As the currency of science and essential to scientific productivity, collaboration, and to discovery itself, the sharing of research data has long been a commonly acknowledged concept among many research communities (Gold, 2007). Borgman (2007) provides four rationales for sharing research data, namely “to (a) reproduce or verify research, (b) make results of publicly funded research available to the public, (c) enable others to ask new questions of extant data, and (d) advance the state of research and innovation.”

The rise of the open data and open science data movements, in conjunction with the increasing implementation of data management and sharing policies by funding bodies, governments, and journals, has led to an explosion in the number of research articles and proceeding papers associated with research data practices and services created to serve institutions, association members and research communities in the United Kingdom, the United States, Australia, Germany and other countries. Meanwhile, data curation and research data management has been the key topics in the ACM/IEEE Joint Committee digital libraries and e-Science international meeting. The Research Data Alliance created in 2013 has grown into a community with more than 2,800 members from over 90 countries who are dedicated to building the social, organizational and technical infrastructures needed to reduce barriers in data sharing and exchange and are also dedicated to accelerating data-driven innovation worldwide.

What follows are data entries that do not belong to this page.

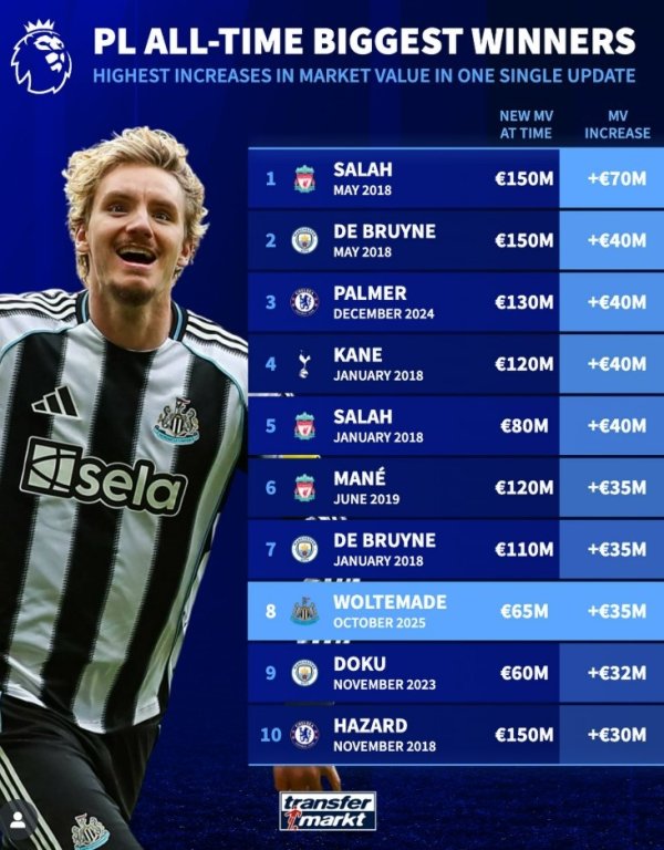 10月20日讯 德转此前更新了足坛球员身价,并清点了英超球员在单次更新中身价涨幅最高的榜单,具体如下: 1、萨拉赫,2018年5月,1.5亿欧,+7000万欧 2、德布劳内,2018年,1.5亿欧,+4000万欧 3、帕尔默,2024年,1.3亿欧,+4000万欧 4、凯恩,2018年,1.2亿欧,+4000万欧 5、萨拉赫,2018年1月,8000万欧,+4000万欧 6、马内,2019年,1.2亿欧,+3500万欧 7、德布劳内,2018年1月,1.1亿欧 ,+3500万......
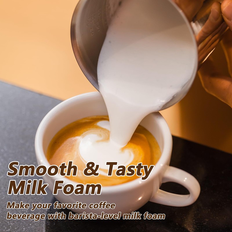 - 【PERFECT CAPACITY OPTIONS】Large capacity 11.8oz (350ml) for heating chocolate or 5.1oz (150ml) of foam chamber for cappuccinos or macchiatos,and 3.4oz (100ml) minimum level for any drink size.
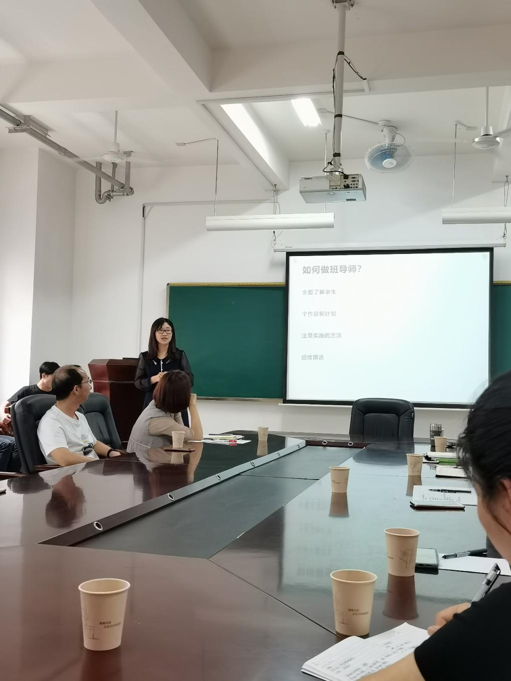 彭馨作题为“一个班导师的心里话及双语教学中的反思” 汇报。她介绍了作为班导师应该加强与学生之间的交流,引导学生自主建立学习和思考意识,强调一个班导应该具有“䁔”心,做一个有温度的老师。她还通过自己教学的经验,对双语教学进行反思,特别是以元素周期表为例,通过生动的例子让学生简单识记、背诵生涩的专业英语单词。她提出学习需要突出重点、加强各类知识之间的联系,并不断提升运用知识的能力。
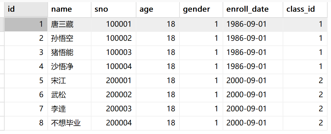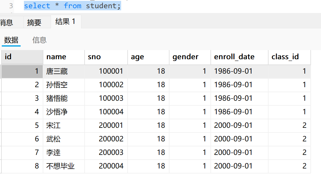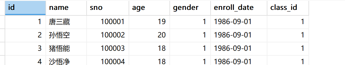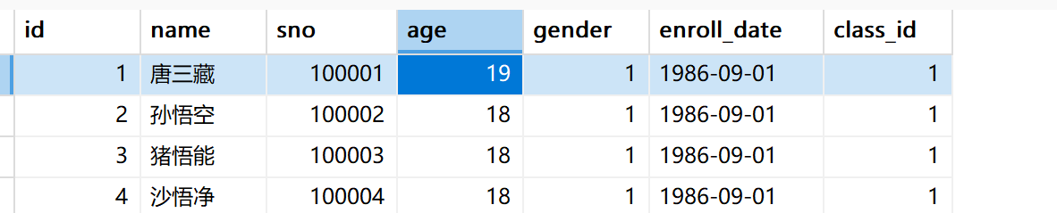 查询列表中的是要查的数据的名字查询语句中的列名要和其一一对应-------可理解为列名的别名
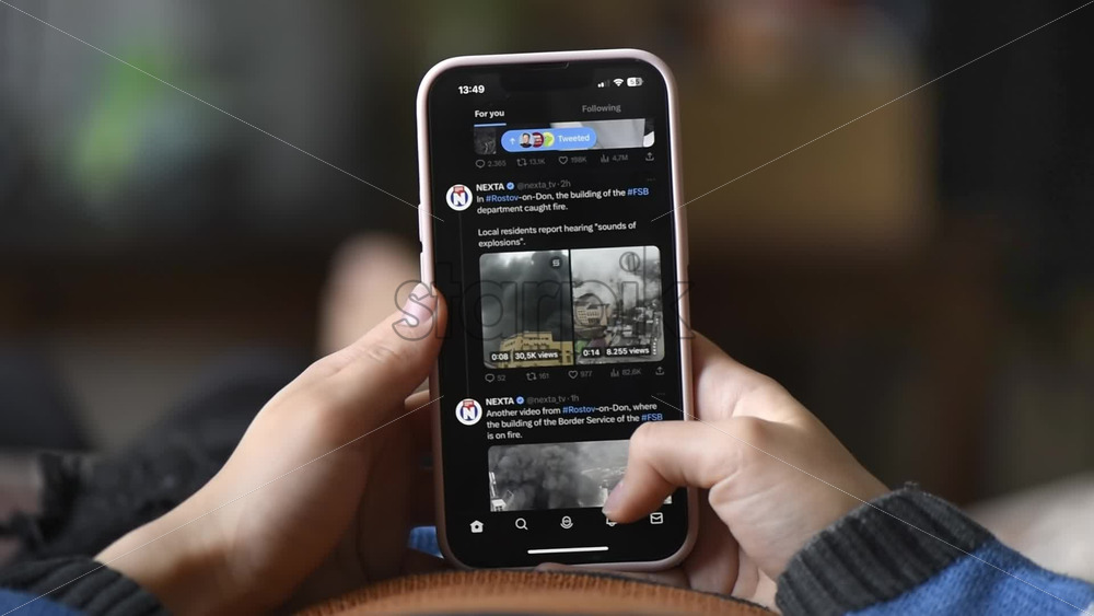 Video CHISINAU, MOLDOVA – MARCH, 2023: A person opening Twitter in his smartphone and starts scrolling the feed Royalty Free Stock Video Footage

Academic libraries, with their long experience with information organization and documentation, represent a natural organizational home for data management services and become deeply involved in the development of principles and best practices for managing data for long-term use. Case studies began to emerge in 2008 when Library Trends published a special issue on institutional repositories that described library efforts to include research datasets in their archiving at Johns Hopkins University, Purdue University, and the University of Minnesota (Choudhury, 2008; Delserone, 2008; Witt, 2008). Further evidence of the mainstreaming of research data management in the library field is shown by the publication of books on the subject aimed specifically at library and information professionals by UK and US researchers (Pryor, 2014; Ray, 2014).

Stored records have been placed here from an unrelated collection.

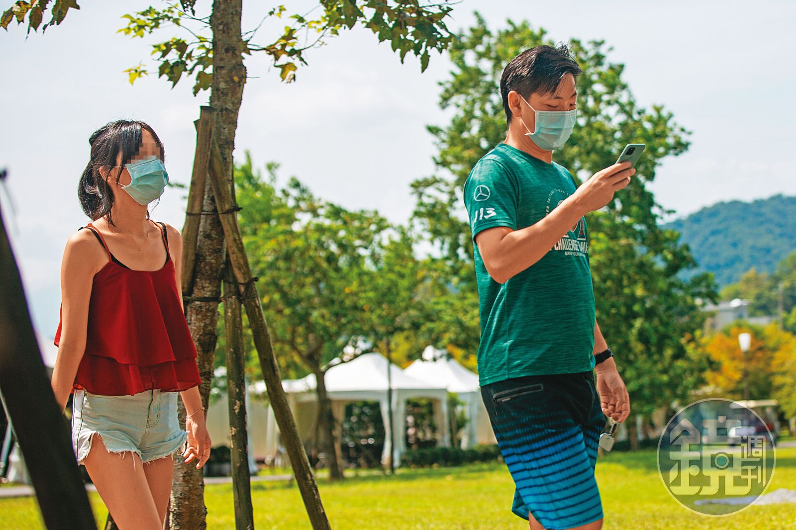2021年9月15日10 : 07,傅若軒(左)與吳姓千金(右)毫不避諱2人的婚外情的關係,高調放閃。此外,今年9月15日,本刊還在每晚要價上萬元的宜蘭礁溪老爺酒店露營車區,直擊傅、吳從同一台露營車下來,再一起與友人會合,一夥人到周邊的大草坪玩球、散步,2人在友人面前也不避諱地打情罵俏、嬉鬧。
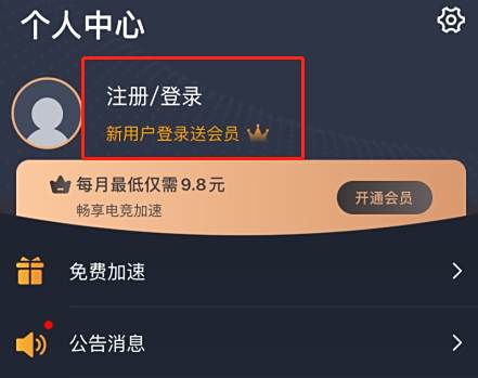 下载完奇游,记得注册账号,注册成功后可以免费领取奇游会员加速时长。
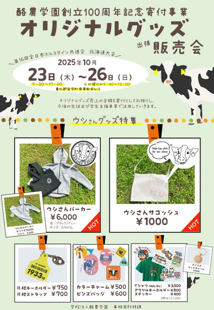 酪農学園創立100周年記念寄付事業で制作しているオリジナルグッズにつきまして
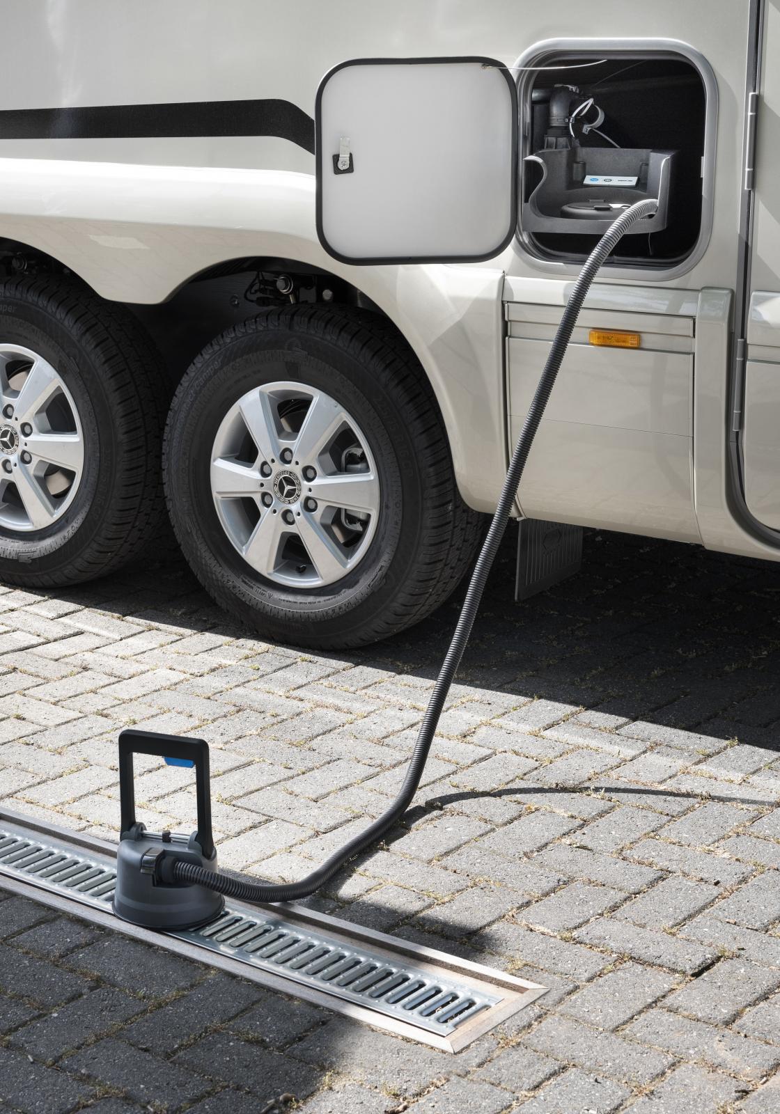 – Bara för att jämföra, hemma använder vi 3-10 liter per spolning. Och genom att återanvända gråvatten för spolning så sparas det cirka 112 liter färskvatten under en period av fyra veckor, och därmed också samma andel av avfallsvatten, skriver Van Noesel. Eftersom slangpaketet är kompakt och enkelt att installera, kan toaletten sättas fristående. Toaletten kan fixeras mot en vägg när du har en toalett med en konsol. Annars kan du placera toaletten varhelst du vill. Detta medför nya möjligheter av planlösningar för fordonstillverkaren. Då toaletten kan placeras fritt kommer man enkelt åt alla ytor och det är därmed enkelt att göra rent.
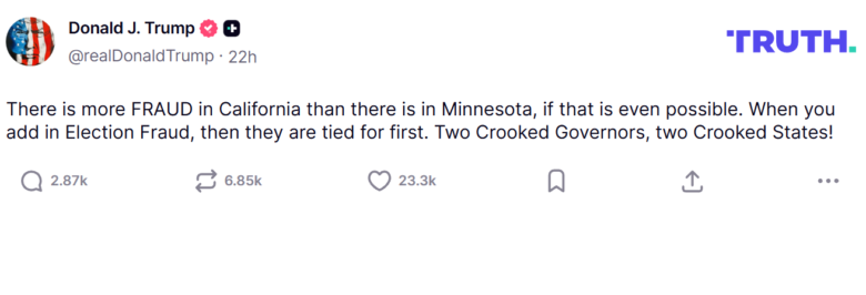 “There is more FRAUD in California than there is in Minnesota, if that is even possible,” Trump wrote on TRUTH Social. “When you add in Election Fraud, then they are tied for first. Two Crooked Governors, two Crooked States!”

Research data management practices in China have a much shorter history, beginning when some senior researchers called for the enhancement of research data sharing in 1994. One of the most important initiatives is the National Scientific Data Sharing Program (SDSP) launched by the Ministry of Science and Technology (MOST) in 2002 (Xu, 2003), later called the National Scientific Data Sharing Infrastructure of China (SDSIC). Unfortunately, most of the datasets conducted from the public funded research programs by universities are still not available to be shared. China ranks second in the production of scientific articles according to SCI database and is becoming a leading scientific data producer. Research data management faces more challenges and is still very new to both the Chinese data scientific community and library and information science.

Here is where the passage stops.